Magnetic resonance imaging with contrast showing a well-demarcated osteolytic lesion in the proximal aspect of the right humerus with features concerning for chondrosarcoma.

Initial treatment included hydroxychloroquine and triamcinolone ointment/cream. Hydroxychloroquine was discontinued after 1 month because of gastrointestinal adverse effects. The patient experienced worsening of her skin disease and began taking mycophenolate mofetil, titrated up to 2 g daily. After 6 months of topical steroids, mycophenolate 2 g daily, and intermittent methylprednisolone therapy, monthly intravenous immune globulin infusions of 2 g/kg were started because of inadequate disease control. The mycophenolate dosage was also increased to 3 g daily. This regimen has led to improved erythema and increased muscle endurance and energy.

Discussion

Observational studies cite variable frequencies of malignancy (6%-60%) associated with dermatomyositis.2, 4 Patients who are older than 45 years of age at the time of diagnosis are more likely to develop malignant disease. Lung, nasopharyngeal, and ovarian cancer are the most common paraneoplastic malignancies associated with dermatomyositis.2, 4

There are few case reports of dermatomyositis associated with chondrosarcoma.5, 6, 7, 8 Interestingly, in 1 of the cases, the tumor was found incidentally upon evaluation of low-grade arthralgia of the knees accompanying a Legionella pneumonia infection. In our case, the chondrosarcoma of the humerus was also discovered somewhat incidentally while the patient's right shoulder pain was being investigated. Given that muscle weakness is the most common musculoskeletal complaint in dermatomyositis, these 2 reports highlight the importance of a thorough evaluation of joint pain in patients with dermatomyositis because this symptom may be a sign of paraneoplastic disease.

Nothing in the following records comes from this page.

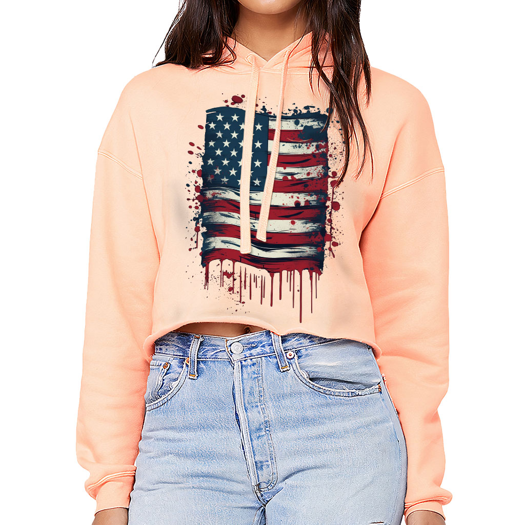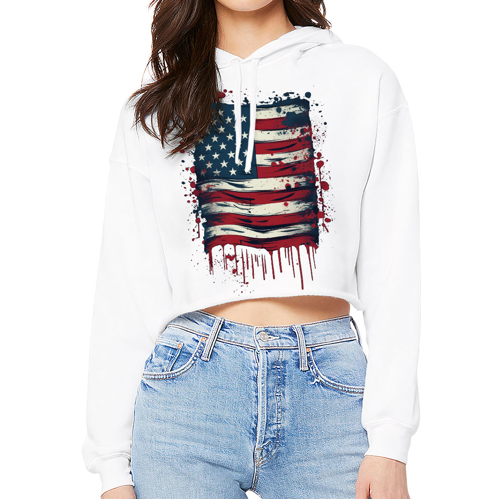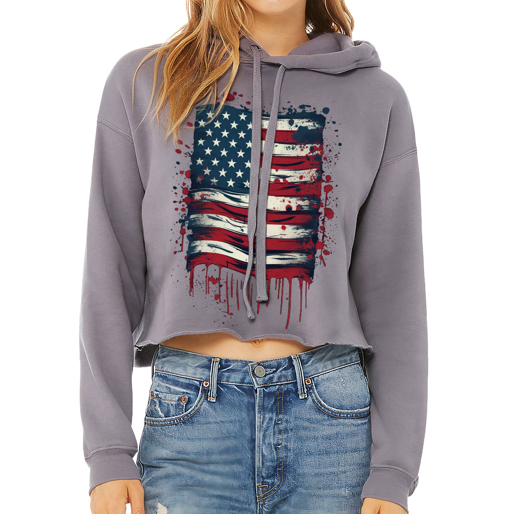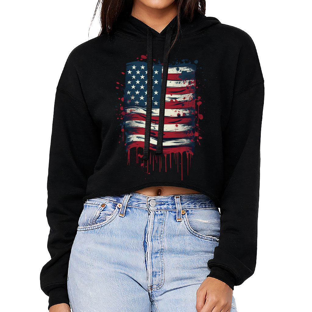 USA Flag Print Women’s Cropped Hoodie – Patriotic Cropped Hoodie – Painting Hooded Sweatshirt
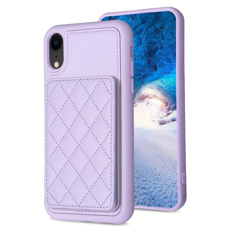 Funda para iPhone Xr Bf25 Square Plaid Card Bag Holder con soporte para tarjetas (Púrpura)
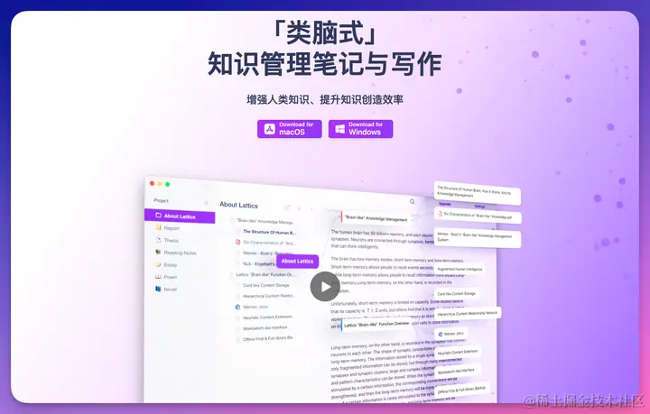Lattics 兼具了笔记软件和写作软件的诸多优点。Lattics 在自己的官网强调自己是以“类脑式”理念进行设计的。大家平时提到的“第二大脑” 更倾向于知识管理,强调使用软件高效存储和整理各种海量知识。
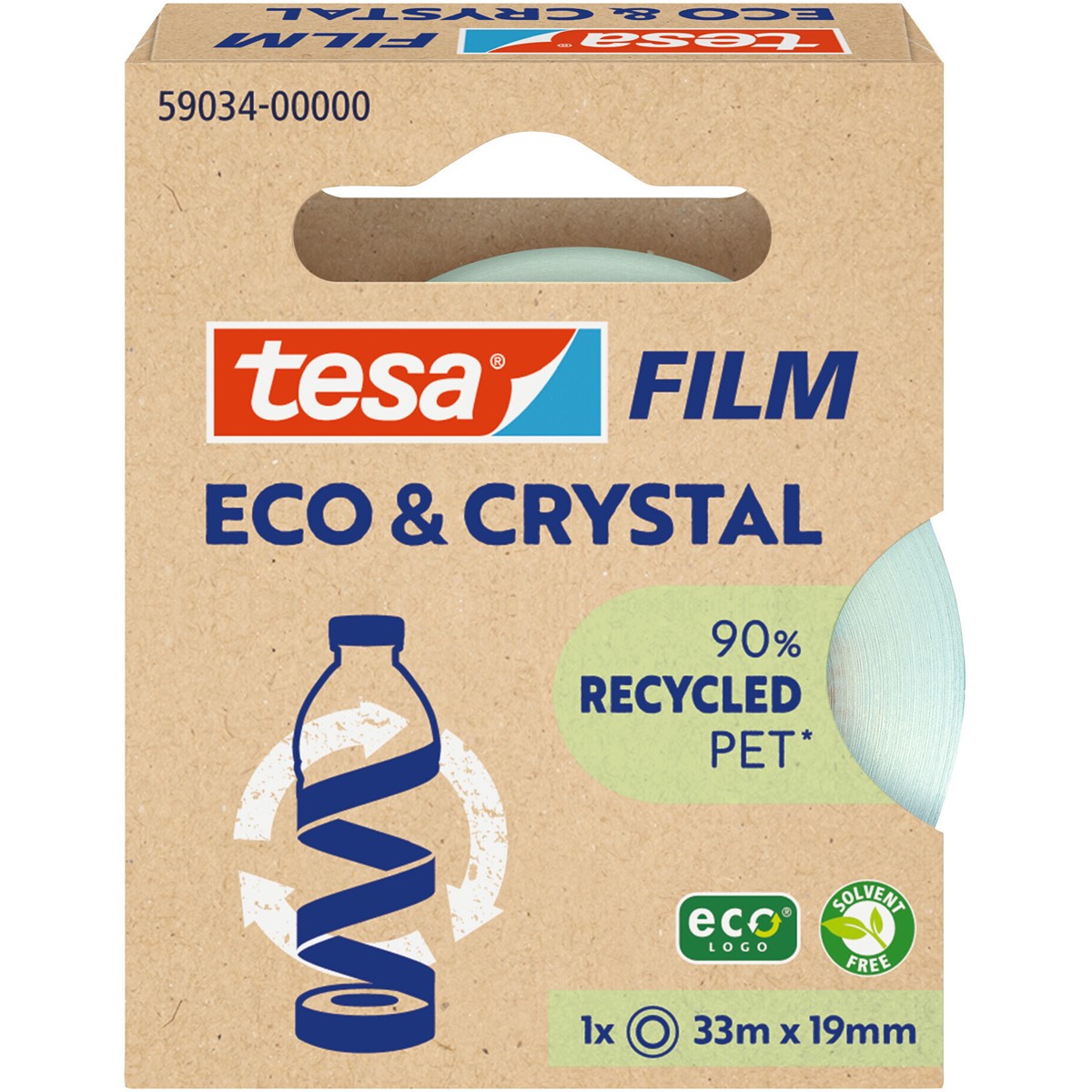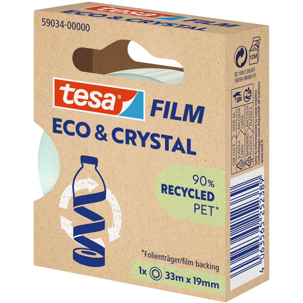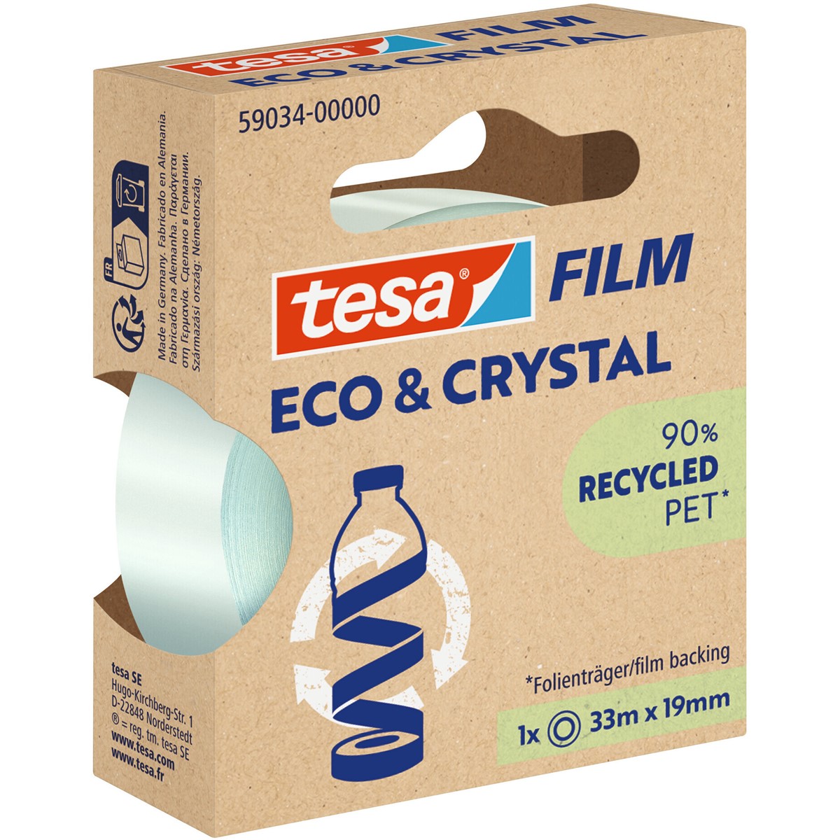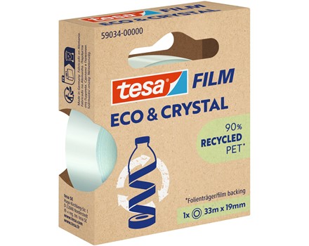 tesafilm® eco & crystal bietet starke Klebeleistung und ist dabei voll transparent. Die Qualität von tesa® und das zukunftsweisende Herstellungsverfahren zeichnen dieses Klebeband aus.Das Trägermaterial besteht zu 90% aus recycelten PET-Flaschen, zertifiziert nach UL 2809 (ECVP). Der Rollenkern besteht zu 100% aus Recycling-Plastik. Der reißfeste Klebefilm ist äußerst langlebig und lässt sich nahezu geräuschlos von der Rolle abziehen.Die Rollen sind mit allen verfügbaren Abrollern von tesafilm® kompatibel. Bei dem Klebstoff handelt es sich um einen wasserbasierten Acrylkleber ohne Lösemittel. Vielseitig verwendbar, ob zum Kleben, Verpacken, Befestigen, für Dekorationen oder für Reparaturarbeiten.

To our knowledge, we report the first case of chondrosarcoma-associated dermatomyositis in conjunction with a positive anti-TIF1γ antibody test result. A complete evaluation of dermatomyositis should include testing for myositis-specific autoantibodies, including anti-TIF1γ, because positive anti-TIF1γ antibody status carries an estimated 18-fold higher risk of paraneoplastic disease. Meta-analysis has found a positive predictive value of 58% and negative predictive value of 95% for anti-TIF1γ status and paraneoplastic disease. Selva-OʼCallaghan et al suggest that a patient with dermatomyositis who tests negative for anti-TIF1γ should receive a single positron emission tomography/CT study to reaffirm the absence of malignancy. In contrast, patients with dermatomyositis and a positive anti-TIF1γ antibody test result should receive yearly positron emission tomography/CT examinations for at least 3 to 5 years after their dermatomyositis diagnosis. Regardless of autoantibody status, until additional evidence becomes available, current practice dictates that all patients should have a comprehensive malignancy evaluation upon diagnosis of dermatomyositis.